Craignant un retour du bâton de l’exécutif, les magistrats « ne savent plus quelle décision ils doivent prononcer, ni s’ils vont contrarier le chef de l’Etat et subir ses foudres », déplore Maalaoui. Censés garantir les droits et les libertés, les magistrats « n’appliquent plus des lois générales et objectives mais statuent sur mesure selon la situation de l’incriminé et le degré de pression exercé sur eux. Un justiciable peut tomber sur un juge indépendant ou sur une juge au service du pouvoir. C’est une question de chance », explique Hmedi.
D’après le président de l’AMT, quelques magistrats résistent encore à la pression du pouvoir exécutif. « Toutefois, avec le temps, si la situation s’enlisera encore, je ne suis pas sûr que certains d’entre eux continueront à le faire », alerte-t-il. A noter que le corps des magistrats est d’ores et déjà divisé entre ceux ralliés à l’Association des magistrats tunisiens, opposée aux agissements de Saied et le syndicat des magistrats tunisiens absent dans cette bataille.
Invité à participer à ce séminaire, le syndicat n’a pas répondu présent. C’est également le cas de l’Ordre national des avocats tunisiens, concerné également par l’indépendance de la justice, a fait savoir Ouajeh Jabeur, directeur de programmes à EuroMed Droits à Nawaat. Cette division profiterait à Saied, estime Hmedi. « Depuis l’indépendance, le pouvoir judiciaire a été l’objet de pression du pouvoir et il n’y a jamais eu une volonté politique réelle pour le réformer. Mais sous Saied, il vit ces pires moments. Bien pires que ceux à l’époque de Ben Ali », assène-t-il.

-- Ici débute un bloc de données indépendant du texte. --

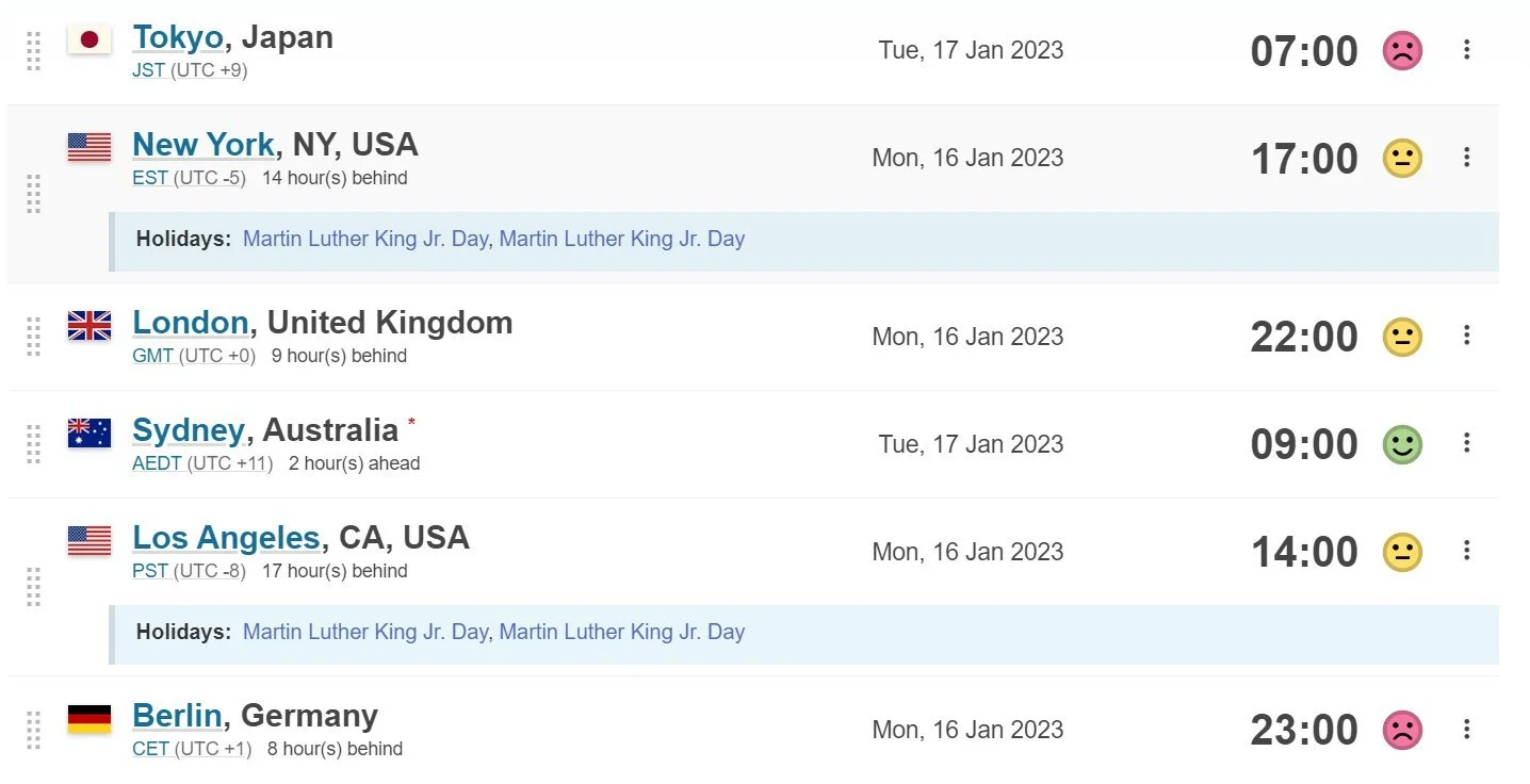 Below are some other time zones for comparison.
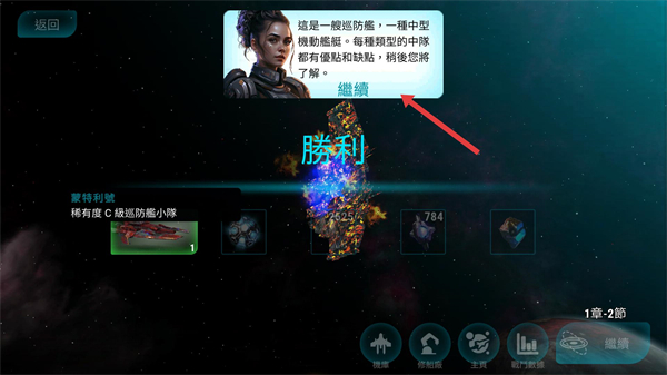2、查看勝利相關的提示內容,點擊繼續按鈕,進入后續的艦船配置環節,為下一場戰斗做準備。

En faisant main basse sur le pouvoir judiciaire, le président de la République a étouffé un éventuel processus de réforme. « Il a fait des dérives individuelles de certains magistrats un prétexte pour détruire l’ensemble du pouvoir judiciaire », lance Maalaoui.

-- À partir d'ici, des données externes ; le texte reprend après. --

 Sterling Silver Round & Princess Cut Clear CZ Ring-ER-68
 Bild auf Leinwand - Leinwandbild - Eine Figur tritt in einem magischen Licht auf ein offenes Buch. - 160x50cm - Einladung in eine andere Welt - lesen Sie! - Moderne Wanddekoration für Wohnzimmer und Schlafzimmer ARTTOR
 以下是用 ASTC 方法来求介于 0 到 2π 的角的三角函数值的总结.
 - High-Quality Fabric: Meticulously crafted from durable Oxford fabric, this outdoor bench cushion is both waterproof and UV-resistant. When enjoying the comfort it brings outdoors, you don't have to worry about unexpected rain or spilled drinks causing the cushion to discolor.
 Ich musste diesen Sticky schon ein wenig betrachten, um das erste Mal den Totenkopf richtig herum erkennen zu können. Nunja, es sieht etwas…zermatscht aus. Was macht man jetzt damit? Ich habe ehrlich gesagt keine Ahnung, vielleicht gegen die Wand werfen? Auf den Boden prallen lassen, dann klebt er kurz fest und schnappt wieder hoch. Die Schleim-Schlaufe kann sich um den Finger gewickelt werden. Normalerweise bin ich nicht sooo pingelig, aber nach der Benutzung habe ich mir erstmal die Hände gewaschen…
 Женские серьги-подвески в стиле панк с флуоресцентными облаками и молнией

Pour le président de l’AMT, cette entreprise de destruction entamée par le président de la République depuis le 25 juillet « aurait pu être acceptée si elle avait été accompagnée de véritables réformes. Or elle lui a juste permis d’asseoir son autorité sur le pouvoir judicaire comme il l’a fait avec le pouvoir législatif », déplore-t-il. En vertu de la Constitution de 2022, la magistrature n’est plus « un pouvoir » mais « une fonction ». Par l’arsenal juridique mis en place pour la régir, le chef de l’Etat a fini par enterrer les réformes, tant réclamées, pour garantir l’indépendance de la justice.